Magnetic Resonance Imaging

  • There are serious concerns amongst the medical profession about the impact on the use of magnetic resonance imaging (MRI) in clinical applications. An unnecessary imposition was being placed on the medical profession. As exposure limit values for static magnetic fields are not in the Directive, HSE said that the restrictions in the NRPB guidelines still apply and these should be used when assessing exposure to static magnetic fields.
  • Those involved in MRI work are entitled to be protected from adverse effects on health.

Medical Surveillance

  • Will there be any advice on medical surveillance? HSE said this will be considered further but it was more likely to put emphasis on the self-reporting of effects.

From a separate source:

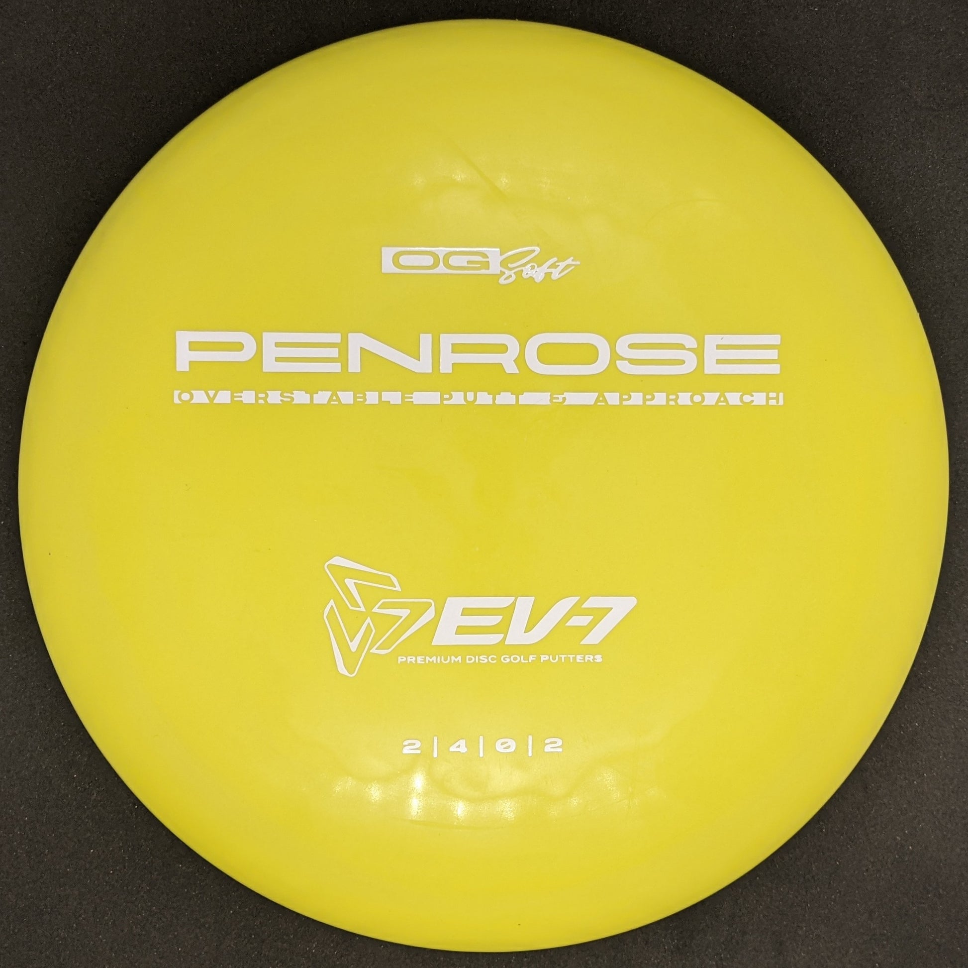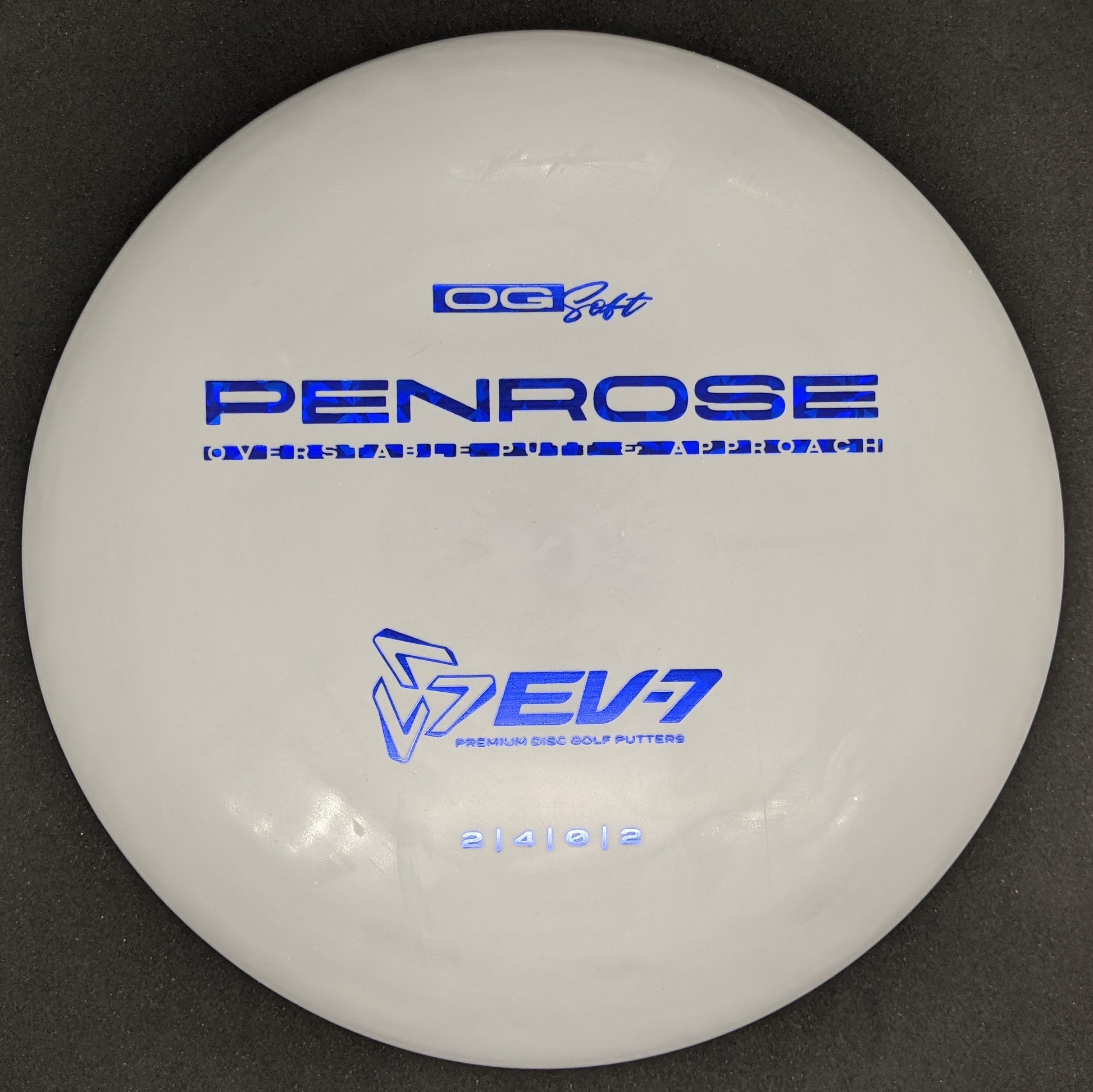 The Penrose is EV-7's debut putt and approach disc. It has reliable high-speed over stability and resistance to turn, but is uniquely straight with consistent fade at lower speeds on the putting green. With a slightly deeper profile, small bead, and smooth feel, the Penrose fits the hand comfortably, inspiring confidence for both putts and approaches.

5. Next steps - how industry can work with HSE on implementation: Mike Shepherd

Mike Shepherd proposed that a small Steering or Advisory Group be convened with representation from HSE and industry. The aim was to convene a group representing the broad needs of industry in taking the process of implementation forward.

This was agreed and the following organisations indicated their intention to participate: the EEF, MCL, Construction Products Association, London Underground, Energy Distribution Networks and those with interests in the clinical use of magnetic resonance. Representation from the foundry and welding industries would also be useful.

The first meeting was expected in November.